Problems with stemming/SpellChecker

Hi,

i tried to implement a 'did you mean'-function (and successed in some  
way). But the hints from the SpellChecker are the stemmed versions of  
the keywords.

For example, the search for the wrong word 'wasseraalfingen' results  
in the hint 'wasseralfing' but should be 'wasseralfingen'. My first  
try was to use a field with the option 'NO_NORMS' but that did not  
worked.

[...]
             indexWriter = new IndexWriter(MiscConstants.luceneDir,  
new GermanAnalyzer(), create);
[...]
             Field didyoumean = new Field 
(LuceneFieldNames.didyoumean, content.toString(), Field.Store.YES,  
Field.Index.NO_NORMS, Field.TermVector.NO);
             document.add(didyoumean);
[...]
         IndexReader indexReader = IndexReader.open 
(MiscConstants.luceneDir);
         SpellChecker spellChecker = new SpellChecker 
(FSDirectory.getDirectory(MiscConstants.luceneDYMDir));
         spellChecker.indexDictionary(new LuceneDictionary 
(indexReader, LuceneFieldNames.didyoumean));
         indexReader.close();
[...]

Has anyone a suggestion how i can get 'unstemmed' hints from  
SpellChecker?

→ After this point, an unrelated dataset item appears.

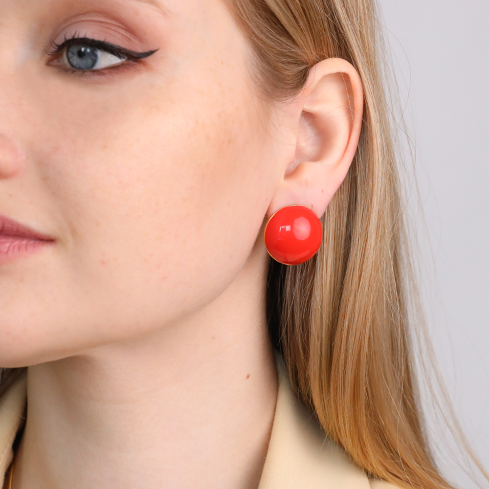 Описание: Изготовлено из ювелирного сплава на основе латуни с гальваническим покрытием золотом. Изделие украшает эмаль алого цвета. Диаметр 3см. Итальянская застежка.

Do i have to create some kind of 'unstemmed' index just  
for the creation of the SpellCheckers-index?

Regards,
Christian Aschoff


---
Dipl. Ing. (FH) Christian Aschoff

Büro:
Universität Ulm
Kommunikations- und Informationszentrum
Abt. Informationssysteme
Raum O26/5403
Albert-Einstein-Allee 11
89081 Ulm

Tel. 0731 50-22432
Fax. 0731 50-22471
christian.aschoff@uni-ulm.de

Privat:
Fabristr. 13
89075 Ulm
Deutschland/Old Europe

Tel. 0731 602 803 60
Fax. 0731 602 803 61
Mob. 0171 272 03 04
caschoff@mac.com

Helfen Sie mit: www.meyers-konversationslexikon.de



---------------------------------------------------------------------
To unsubscribe, e-mail: java-user-unsubscribe@lucene.apache.org
For additional commands, e-mail: java-user-help@lucene.apache.org


Re: Problems with stemming/SpellChecker

Posted by Daniel Naber <lu...@danielnaber.de>.
On Saturday 13 October 2007 07:57, Christian Aschoff wrote:

> But as fare as i see (in the API DOC), the GermanAnalyzer is attached  
> to the IndexWriter, i can't find an way to attach an analyzer it to a  
> single field... Or do i miss something?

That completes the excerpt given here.